Collected data entries
# # # #

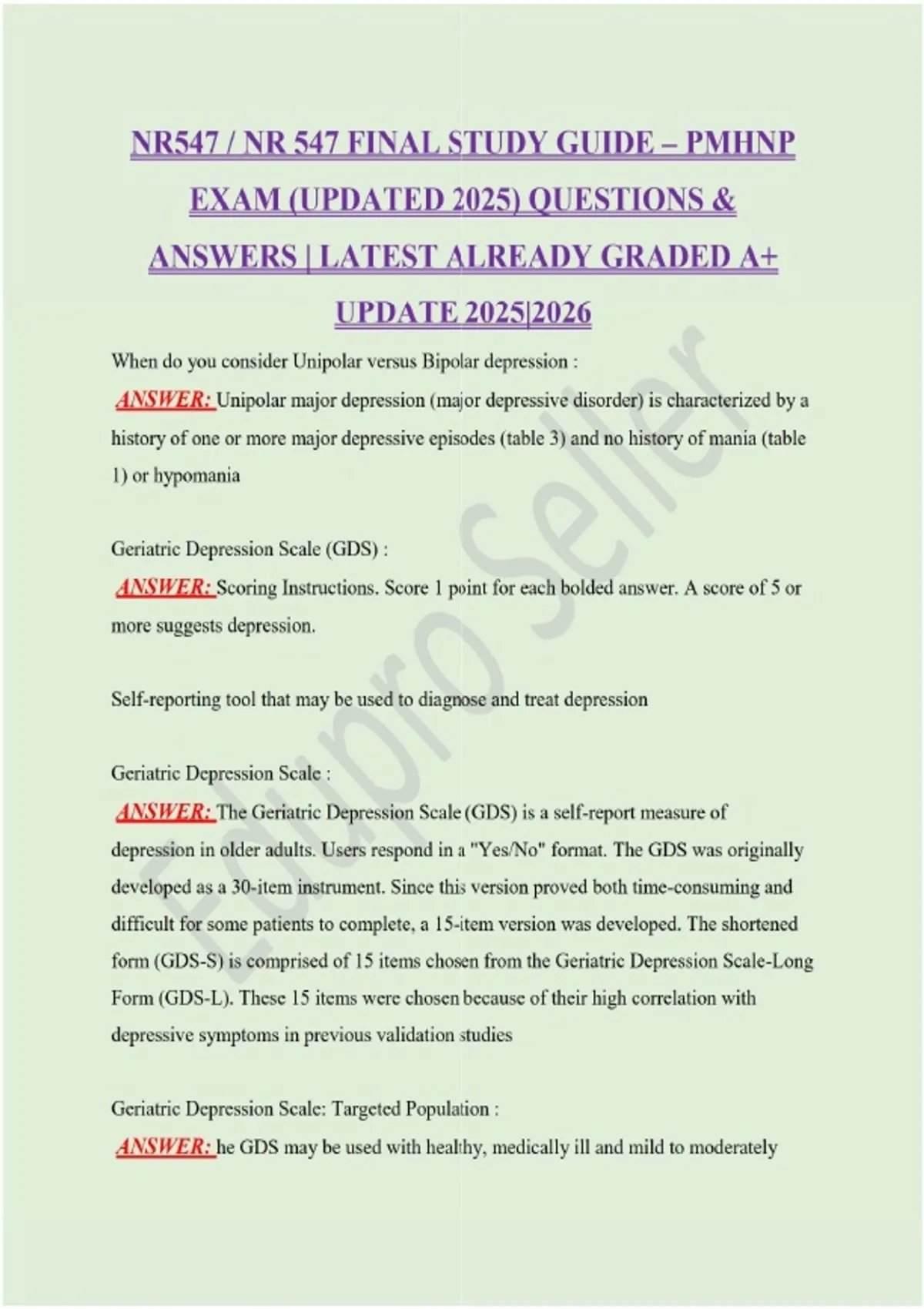 NR 547 FINAL EXAM STUDY BUNDLE ACTUAL EXAM TEST BANK 200 QUESTIONS AND CORRECT DETAILED ANSWERS WITH RATIONALES (VERIFIED ANSWERS)
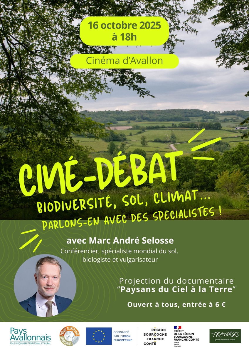 Pour toutes et tous , un docu-débat à 18h, Cinéma d’Avallon — « Paysans du Ciel à la Terre », suivi d’un débat avec Marc-André Selosse
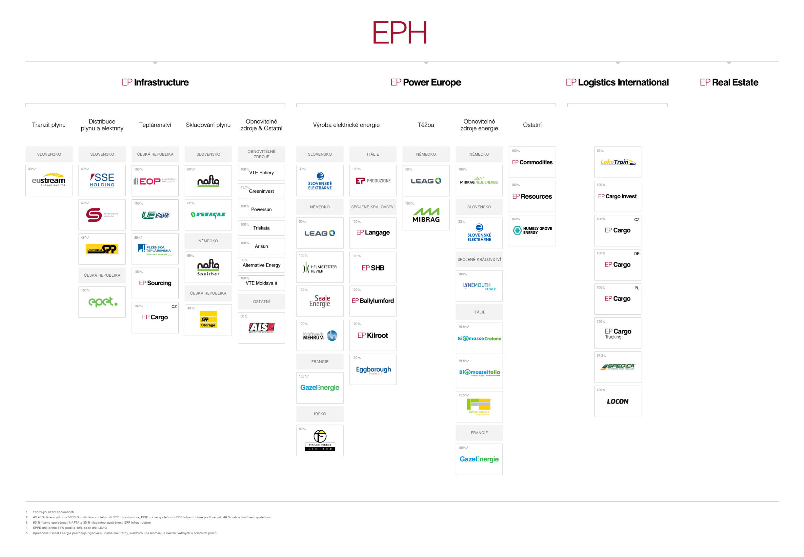 Skupinu EPH tvoří více než 70 společností strukturovaných do čtyř pilířů – EP Infrastructure, EP Power Europe, EP Logistics International a EP Real Estate.
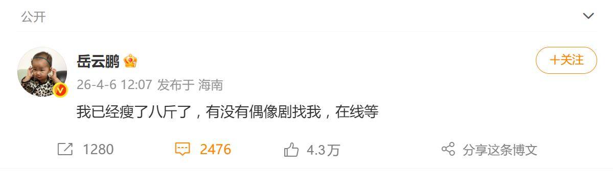 其实,岳云鹏这次的身材管理,早就有迹可循。就在4月初,他就在社交平台上发文“凡尔赛”了一把:“我已经瘦了八斤了,有没有偶像剧找我,在线等。”这赤裸裸的“求职宣言”,瞬间让评论区变成了“剧本征集处”。从“德云一哥”到“偶像剧预备役”,岳云鹏的这波操作,不仅是在减重,更是在拓宽自己的喜剧边界——谁说胖子就不能有偶像梦?
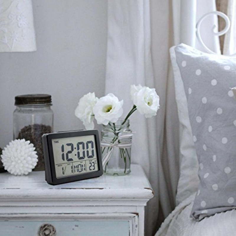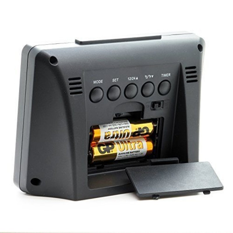 Освен това, този настолен часовник разполага с функция аларма със забавяне, така че можете да настроите сигнала, който ви събужда, да звучи повече от веднъж. Индикаторът за състояние на батерията ви предупреждава когато е необходимо да смените батериите, за да продължите да използвате часовника безпроблемно.
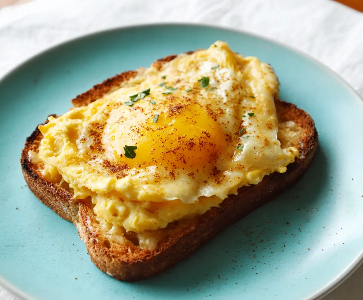 Carefully slide the cheesy egg off the skillet and place it on top of your toasted bread. Season with salt and freshly ground black pepper to taste. If you have fresh chives or parsley, sprinkle some on top for a pop of color and flavor.
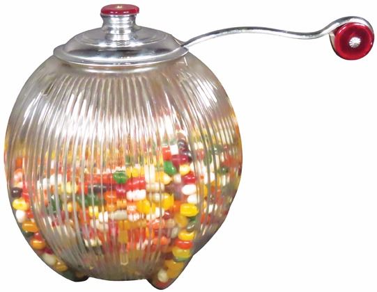 Country Store Candy Jar. Ribbed glass with original chrome lid with ruby celluloid knob and scoop handle. No chips or cracks. 10 1/2 inches tall X 8 inch diameter.
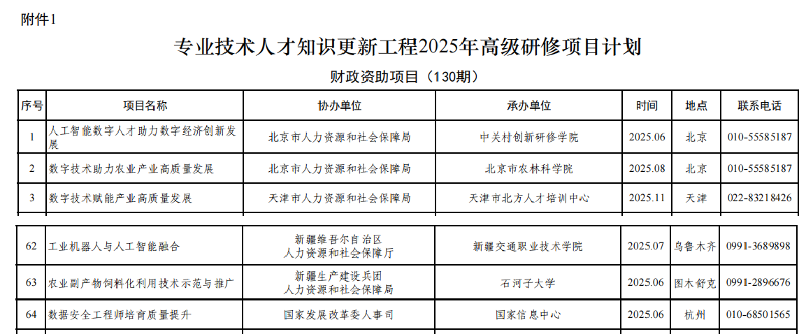 近日,人力资源社会保障部办公厅公布专业技术人才知识更新工程2025年高级研修项目,学院“工业机器人与人工智能融合”项目成功入选,成为新疆高职院校唯一入选的项目。
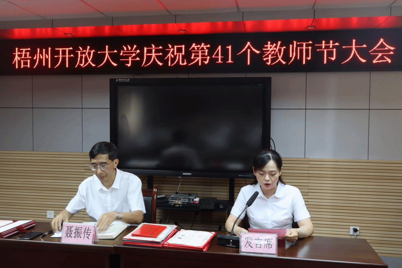 在梧州开放大学庆祝第41个教师节大会上,学校党总支书记、校长聂振传代表学校向全体教职工和社区教育教师致以节日的问候和崇高的敬意,充分肯定大家在教育教学、学员管理服务、校园建设等工作中付出的努力,勉励全体教师要始终以立德树人为根本,既要传承优秀的办学传统,又要勇于创新突破,以教育家精神铸魂强师,推动梧州开大教育事业再上新台阶。党总支副书记唐赟向在场全体教职工宣读梧州市委、市政府《致全市广大教师和教育工作者的一封信》,向全校辛勤耕耘在教育战线上的广大教师、教育工作者致以节日的祝贺和真挚的祝福。
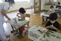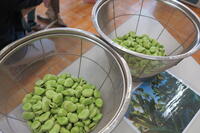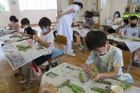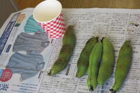 今日は、食育の一環として1年生のお友だちが、給食の食材のそら豆の皮むきをしてくれました。栄養士の若松先生から、衛生面の注意を聞いてから、皮むきにチャレンジしました。初めて皮むきをする子どもたちが多く、興味津々に取り組んでいました。皮が厚いこと、中にはふわふわなベットのようなものがあること、黒いおへそがあること等々、体験を通してたくさんのことを発見しました。体験の後は、気づいたことをカードに書き入れました。空を向いて実ができるので、「そら豆」という名前が付いたことも知ることができました。

# # # #

INSTRUCTIONS FOR THE TASK
Any picture in the data is to be skipped, while each line is returned exactly as written.

PROBLEM SOLUTION
 NR 547 FINAL EXAM STUDY BUNDLE ACTUAL EXAM TEST BANK 200 QUESTIONS AND CORRECT DETAILED ANSWERS WITH RATIONALES (VERIFIED ANSWERS)
 Pour toutes et tous , un docu-débat à 18h, Cinéma d’Avallon — « Paysans du Ciel à la Terre », suivi d’un débat avec Marc-André Selosse
 Skupinu EPH tvoří více než 70 společností strukturovaných do čtyř pilířů – EP Infrastructure, EP Power Europe, EP Logistics International a EP Real Estate.
 其实,岳云鹏这次的身材管理,早就有迹可循。就在4月初,他就在社交平台上发文“凡尔赛”了一把:“我已经瘦了八斤了,有没有偶像剧找我,在线等。”这赤裸裸的“求职宣言”,瞬间让评论区变成了“剧本征集处”。从“德云一哥”到“偶像剧预备役”,岳云鹏的这波操作,不仅是在减重,更是在拓宽自己的喜剧边界——谁说胖子就不能有偶像梦?
 Освен това, този настолен часовник разполага с функция аларма със забавяне, така че можете да настроите сигнала, който ви събужда, да звучи повече от веднъж. Индикаторът за състояние на батерията ви предупреждава когато е необходимо да смените батериите, за да продължите да използвате часовника безпроблемно.
 Carefully slide the cheesy egg off the skillet and place it on top of your toasted bread. Season with salt and freshly ground black pepper to taste. If you have fresh chives or parsley, sprinkle some on top for a pop of color and flavor.
 Country Store Candy Jar. Ribbed glass with original chrome lid with ruby celluloid knob and scoop handle. No chips or cracks. 10 1/2 inches tall X 8 inch diameter.
 近日,人力资源社会保障部办公厅公布专业技术人才知识更新工程2025年高级研修项目,学院“工业机器人与人工智能融合”项目成功入选,成为新疆高职院校唯一入选的项目。
 在梧州开放大学庆祝第41个教师节大会上,学校党总支书记、校长聂振传代表学校向全体教职工和社区教育教师致以节日的问候和崇高的敬意,充分肯定大家在教育教学、学员管理服务、校园建设等工作中付出的努力,勉励全体教师要始终以立德树人为根本,既要传承优秀的办学传统,又要勇于创新突破,以教育家精神铸魂强师,推动梧州开大教育事业再上新台阶。党总支副书记唐赟向在场全体教职工宣读梧州市委、市政府《致全市广大教师和教育工作者的一封信》,向全校辛勤耕耘在教育战线上的广大教师、教育工作者致以节日的祝贺和真挚的祝福。
 今日は、食育の一環として1年生のお友だちが、給食の食材のそら豆の皮むきをしてくれました。栄養士の若松先生から、衛生面の注意を聞いてから、皮むきにチャレンジしました。初めて皮むきをする子どもたちが多く、興味津々に取り組んでいました。皮が厚いこと、中にはふわふわなベットのようなものがあること、黒いおへそがあること等々、体験を通してたくさんのことを発見しました。体験の後は、気づいたことをカードに書き入れました。空を向いて実ができるので、「そら豆」という名前が付いたことも知ることができました。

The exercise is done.